(DATA SEGMENT)
Start of Block
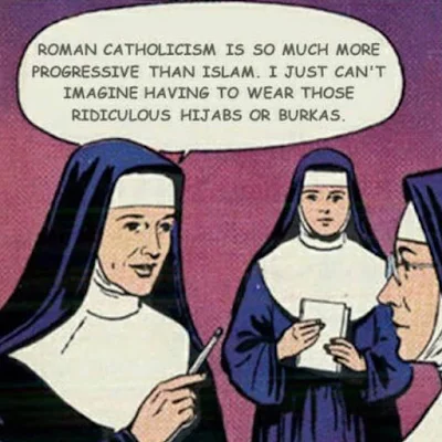 I say that, employed as it is here, this “cartoon” is morphed into more Islamophobic crap. Rather than use the head covering of nuns as a matter of DIFFERENCE between females of both Abrahamic religions; we should remember that in BOTH religions the head covering represents purity and dedication to God/Allah. This, in both cases, is in stark opposition to the push to nudity from the ruling Talmudic elite.
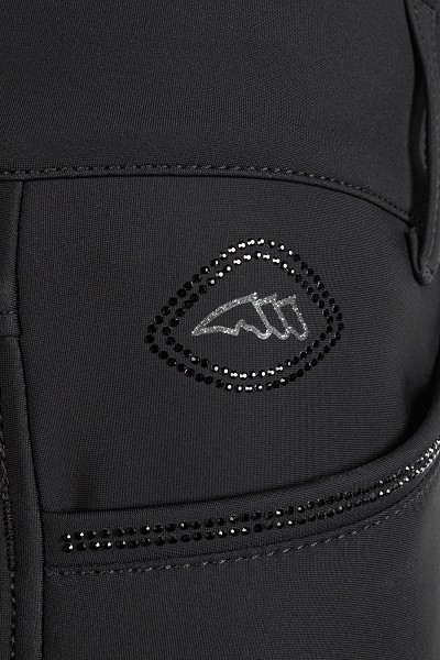 冬用極暖BX-TECH生地。内側フリース生地。ウエスト内側は滑り止めグリップ付き。ラインストーン&グリッターロゴ装飾。2フロントポケット。
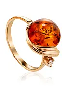 Дополните серьги красивым кольцом «Лебедь» с янтарём коньячного цвета и соберите яркий комплект украшений.
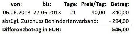 Neben dem von Behindertenverband geleisteten Zuschuss iHv EUR 294,00 habe es seitens der Sozialversicherungsanstalt keinen weiteren Zuschuss gegeben. Der Tagesablauf sei wie folgt gewesen:
End of Block
(WHAT IS BEING ASKED) Please print the material exactly as given above, omitting the pictures.

(YOUR RESPONSE)
 I say that, employed as it is here, this “cartoon” is morphed into more Islamophobic crap. Rather than use the head covering of nuns as a matter of DIFFERENCE between females of both Abrahamic religions; we should remember that in BOTH religions the head covering represents purity and dedication to God/Allah. This, in both cases, is in stark opposition to the push to nudity from the ruling Talmudic elite.
 冬用極暖BX-TECH生地。内側フリース生地。ウエスト内側は滑り止めグリップ付き。ラインストーン&グリッターロゴ装飾。2フロントポケット。
 Дополните серьги красивым кольцом «Лебедь» с янтарём коньячного цвета и соберите яркий комплект украшений.
 Neben dem von Behindertenverband geleisteten Zuschuss iHv EUR 294,00 habe es seitens der Sozialversicherungsanstalt keinen weiteren Zuschuss gegeben. Der Tagesablauf sei wie folgt gewesen:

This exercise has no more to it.